Disclaimer: I’m friends with one of the Instagram co-founders & several people in Facebook Mobile but all information contained in this thread has been previously reported in 3rd party sources.
Oh, I wasn’t too clear. I was trying to say that Instagram has the potential to be moribund almost over night like other socia media platforms, not facebook, and hence a $1 billion pricetag seems crazy to me. I think facebook’s already too big to fail, or at the very least, will play an important role for the foreseeable future of the online world. I do think maybe 13-25 year olds will find new online pastures however. Be it twitter or something else in the pipeline.
That is actually an awesome idea. (Of course, the “operator” would be a waveform and a voice recognition API.)
(I sometimes mess with sales agents at work by giving out my direct dial number as “Cypress-3 ####.” They get big points if they don’t blink.)
Just how much of the so-called $1 billion payment is facebook stock?

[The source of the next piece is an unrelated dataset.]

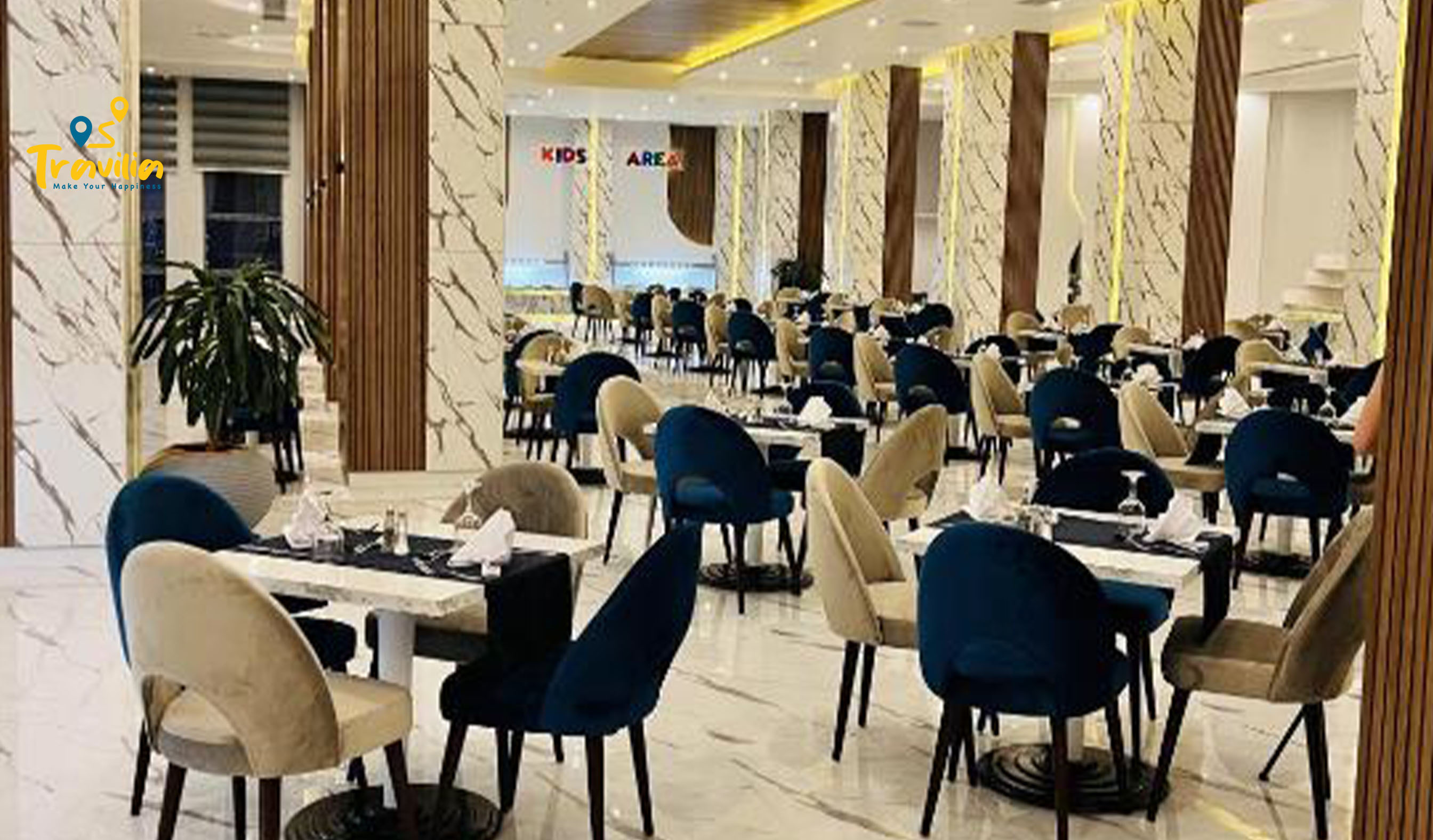 • يمكن للضيوف الاختيار من بين 7 مطاعم عالية الجودة و6 بارات أنيقة، ويمكن تذوق المأكولات العالمية في مطعم Al Dente، بالإضافة إلى مطعم D’White الرئيسي، كما يتم تقديم المأكولات الإيطالية في مطعم La Casina، بينما يتم تقديم المأكولات العالمية في مطعم Podium ذو قائمة المأكولات، ويتم تقديم المأكولات المتوسطية في مطعم Z'etes، في حين تتوفر المأكولات النوبية في مطعم Aikadolli، ويتم تقديم المأكولات الآسيوية في مطعم Happy Buddha، كما تتطلب المطاعم المتخصصة الحجز المسبق، فيما يمكن للضيوف الاستمتاع بإطلالات جميلة على البحر.

If facebook’s IPO doesn’t get as high as predicted, then the Instagram guys will get less than $1billion.
Dang! For 20 different shades of brown, I’m tempted to cut a check for a billion or two myself!
It seems to me that this is the same sort of thinking that causes lottery winners to buy solid gold rims for their car, and dumb crap like that. And that causes sports stars to spend $30,000 at their favorite club in one night. Basically, Facebook has money burning a hole in their pocket, and they’re looking for ostentatious ways to spend it.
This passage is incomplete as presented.